While pseudo grids store full numeric data in their attribute tables
and are subject to the same vector analysis operations, the explicit
organization of the data is both inefficient and too limited for advanced
spatial analysis as each polygonal cell is treated as an independent spatial
object.
Figure 1. A vector-based system can store continuous
geographic space as a pseudo-grid.
A raster grid, on the other hand, organizes the data as a
listing of map values like you read a book—left to right (columns), top to
bottom (rows). This implicit
configuration identifies a grid cell’s location by simply referencing its
position in the list of all map values.
In practice, the list of map values is read into a matrix with the
appropriate number of columns and rows of an analysis frame superimposed over
an area of interest. Geo-registration of
the analysis frame requires an X,Y coordinate for one of the grid corners and
the length of a side of a cell. To
establish the geographic extent of the frame the computer simply starts at the
reference location and calculates the total X, Y length by multiplying the
number of columns/rows times the cell size.

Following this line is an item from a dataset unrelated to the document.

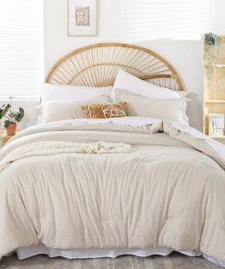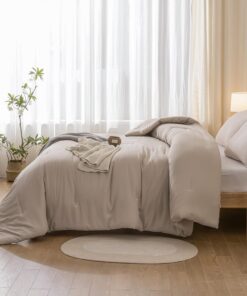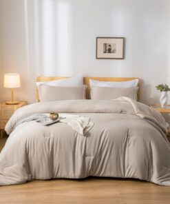 The fluffy Oatmeal comforter set features tightly woven and double soft microfiber contributing to a silky soft feel, lightweight, and breathable.

Figure 2 shows a 100 column by 100 row analysis frame geo-registered
over a subdued vector backdrop. The list
of map values is read into the 100x100 matrix with their column/row positions
corresponding to their geographic locations.
For example, the maximum map value of 92 (customers within a quarter of
a mile) is positioned at column 67, row 71 in the matrix— the 7,167th
value in the list ((71 * 100) + 67 = 7167).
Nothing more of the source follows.